With this model, the client carries higher risks for the delivery of the project than with Fixed Price or Fixed Price Milestone projects. The customer is billed for the actual time for the Work item to be completed.

Benefits

  • Flexible timeline. 

  • Accuracy. real-time project plans are the optimal way to monitor accurate monthly, quarterly and yearly revenue projections based on in-flight and pipeline projects. 

Considerations

  • Uncertain deadlines. Any adjustments to the project can postpone the final delivery and the project can become overdue.

  • Undefined budget. The price is approximate, so the client doesn’t know for sure how much money they’ll spend since the timeframe for designing and implementing features is flexible.

Mixed

This Pricing model is set by default in the application and allows you to define different Billing types for Work Items. For example, a Mixed project can include sub projects, some are T&M and some are Fixed Price.

Capped Times and Materials 

(also known as Capped T&M)

Capped Time and Materials (T&M) contract is a hybrid billing arrangement that combines elements of both T&M and fixed-price contracts.
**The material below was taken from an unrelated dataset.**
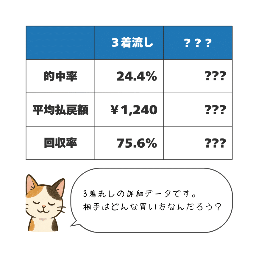 「もし3着を流していたら──」「もし今とは別のパターンで買っていたら──」など、ご自身のデータをご自身で分析してみてください。そこから改善策がきっと見えてきます。
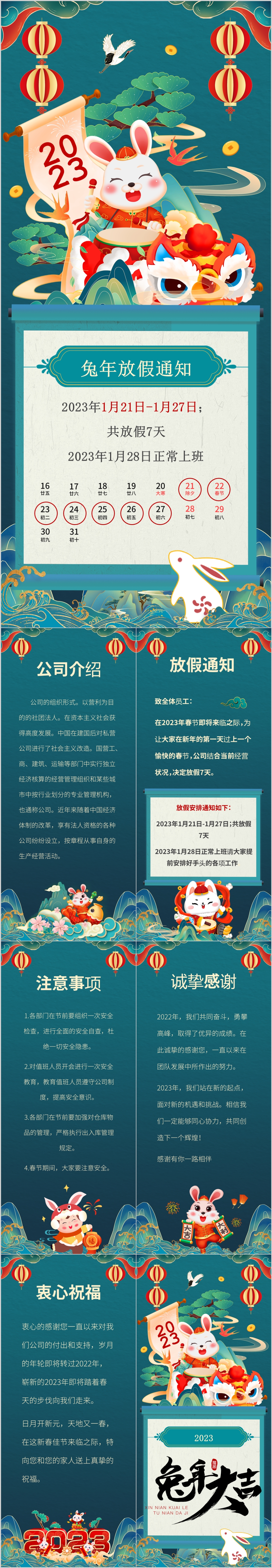 2023中国风竖立手机微信新年春节放假通知通用ppt模板

In this model, the client agrees to pay the contractor based on the actual time spent and materials used, but with an agreed-upon maximum limit or "cap" on the total cost.his cap ensures that the project does not exceed a specified budget, providing financial protection for the client.

Benefits:

  • Adaptability: Suitable for projects where the scope is not fully defined or is expected to evolve over time.

  • Risk Mitigation: The cost cap protects clients from unexpected budget overruns, while contractors are assured payment for documented work up to the cap.

Considerations:

  • Scope Definition: While flexibility is a benefit, it's essential to have a clear understanding of project objectives to prevent scope creep.

  • Monitoring: Regular tracking of incurred costs is crucial to ensure they align with the project's progress and stay within the agreed-upon cap.

Capped T&M contracts are particularly beneficial in industries like construction and software development, where project requirements may change, but budget constraints are a priority. By setting a maximum cost limit, both clients and contractors can manage expectations and responsibilities more effectively.